From each cell, do a DFS exploring all four directions, only moving to a strictly larger neighbour. Track the length of the longest path found from this cell. Call this for every cell and return the global maximum. Without caching, we recompute the same paths many times.

Algorithm

  1. For each cell (i, j), call dfs(i, j, -1) (previous value starts at -1 so any cell is valid).
  2. In DFS: for each of 4 directions, if the neighbour is in bounds and strictly larger, recurse.
  3. Return 1 + max(neighbour results).

Solution

def longestIncreasingPath(matrix):
    if not matrix:
        return 0
    m, n = len(matrix), len(matrix[0])
    dirs = [(0, 1), (0, -1), (1, 0), (-1, 0)]

    def dfs(i, j, prev_val):
        if i < 0 or i >= m or j < 0 or j >= n:
            return 0
        if matrix[i][j] <= prev_val:
            return 0
        best = 1
        for di, dj in dirs:
            result = dfs(i + di, j + dj, matrix[i][j])
            best = max(best, 1 + result)
        return best

    ans = 0
    for i in range(m):
        for j in range(n):
            ans = max(ans, dfs(i, j, -1))
    return ans


print(longestIncreasingPath([[9, 9, 4], [6, 6, 8], [2, 1, 1]]))   # 4
print(longestIncreasingPath([[3, 4, 5], [3, 2, 6], [2, 2, 1]]))   # 4

Complexity

  • Time: O((m*n)²) — very slow, re-explores paths
  • Space: O(m*n) — recursion stack

2. DFS with Memoization

Intuition

The key observation: the longest path starting from (i, j) is always the same regardless of how we got there — because we only move to strictly larger values, there are no cycles. This means we can safely cache dp[i][j] = longest increasing path starting at (i, j). Once computed, reuse it.

Algorithm

  1. Create a dp table of zeros.
  2. For each cell (i, j), call dfs(i, j).
  3. In dfs(i, j): if dp[i][j] is already computed, return it.
  4. Otherwise, check all 4 neighbours that are in bounds and strictly greater.
  5. dp[i][j] = 1 + max(dfs(neighbour)) over valid neighbours.
  6. Return dp[i][j].

Solution

def longestIncreasingPath(matrix):
    if not matrix:
        return 0
    m, n = len(matrix), len(matrix[0])
    dp = [[0] * n for _ in range(m)]
    dirs = [(0, 1), (0, -1), (1, 0), (-1, 0)]

    def dfs(i, j):
        if dp[i][j]:
            return dp[i][j]
        best = 1
        for di, dj in dirs:
            ni, nj = i + di, j + dj
            if 0 <= ni < m and 0 <= nj < n and matrix[ni][nj] > matrix[i][j]:
                best = max(best, 1 + dfs(ni, nj))
        dp[i][j] = best
        return best

    ans = 0
    for i in range(m):
        for j in range(n):
            ans = max(ans, dfs(i, j))
    return ans


print(longestIncreasingPath([[9, 9, 4], [6, 6, 8], [2, 1, 1]]))   # 4
print(longestIncreasingPath([[3, 4, 5], [3, 2, 6], [2, 2, 1]]))   # 4
print(longestIncreasingPath([[1]]))                                  # 1
print(longestIncreasingPath([[1, 2], [3, 4]]))                      # 3 (1→2→4 or 1→3→4)

Complexity

  • Time: O(m * n) — each cell computed exactly once
  • Space: O(m * n) — dp table + recursion stack

Common Pitfalls

Using a visited set instead of memoization. You don’t need a visited set here — the strictly increasing constraint already prevents cycles. If you add one, it will interfere with the memoization by blocking valid paths that visit a cell from a different direction.

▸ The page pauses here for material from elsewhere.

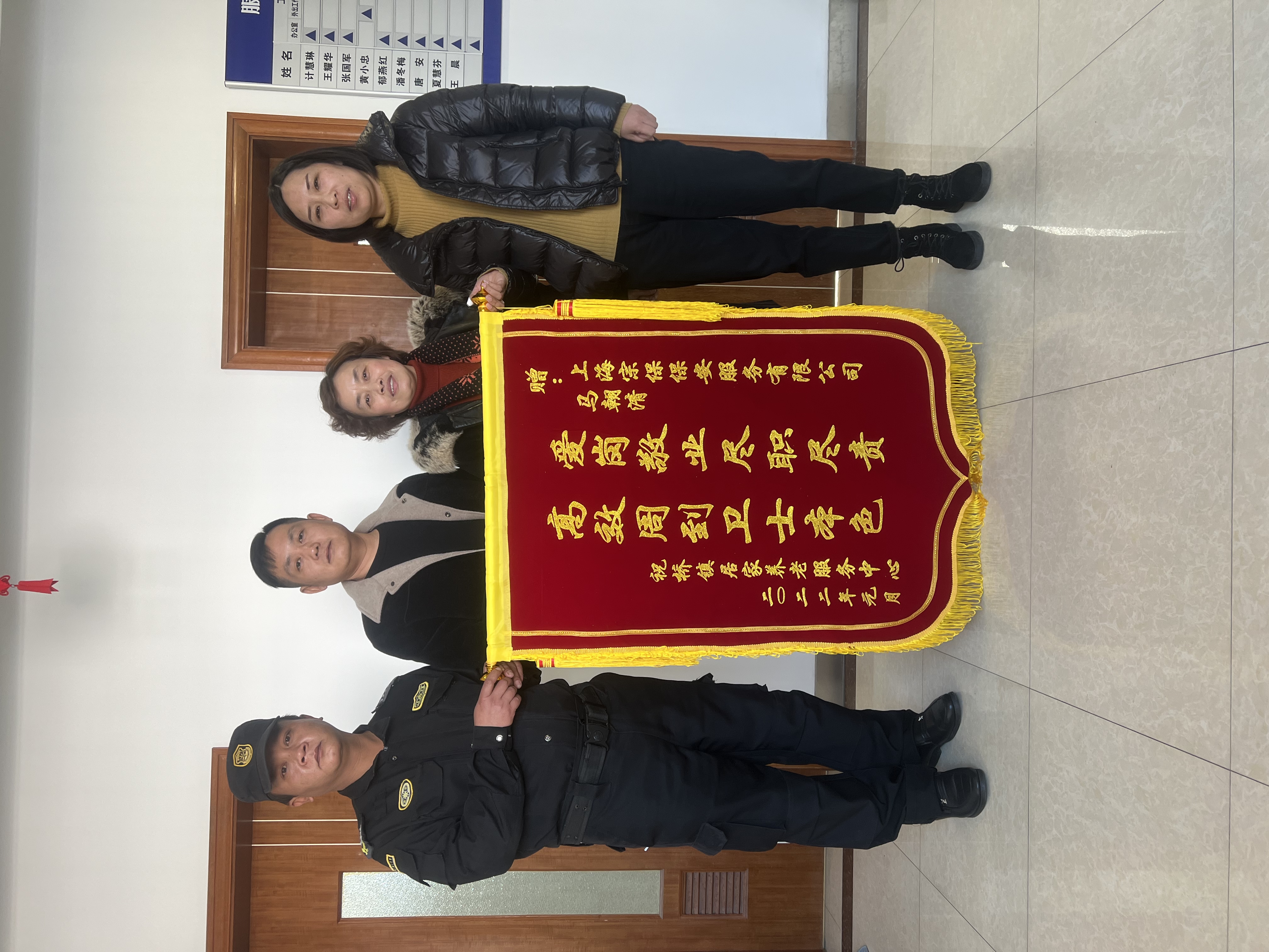 1月12日,宗保公司駐祝橋項(xiàng)目收到祝橋鎮(zhèn)居家養(yǎng)老服務(wù)中心送來的繡有“愛崗敬業(yè)盡職盡責(zé) 高效周到衛(wèi)士本色”的錦旗,贊揚(yáng)宗保隊(duì)員馬朝清優(yōu)異的工作表現(xiàn)。

Checking < instead of <=. The path must be strictly increasing, so matrix[ni][nj] > matrix[i][j]. Using >= would allow equal values and could create infinite loops.

Initialising dp with 0 and misreading the cache. We check if dp[i][j] to detect a cached result. Since paths have length at least 1, dp[i][j] = 0 means “not yet computed” — safe to use. If your grid had valid 0-length results, you’d need a sentinel like -1 instead.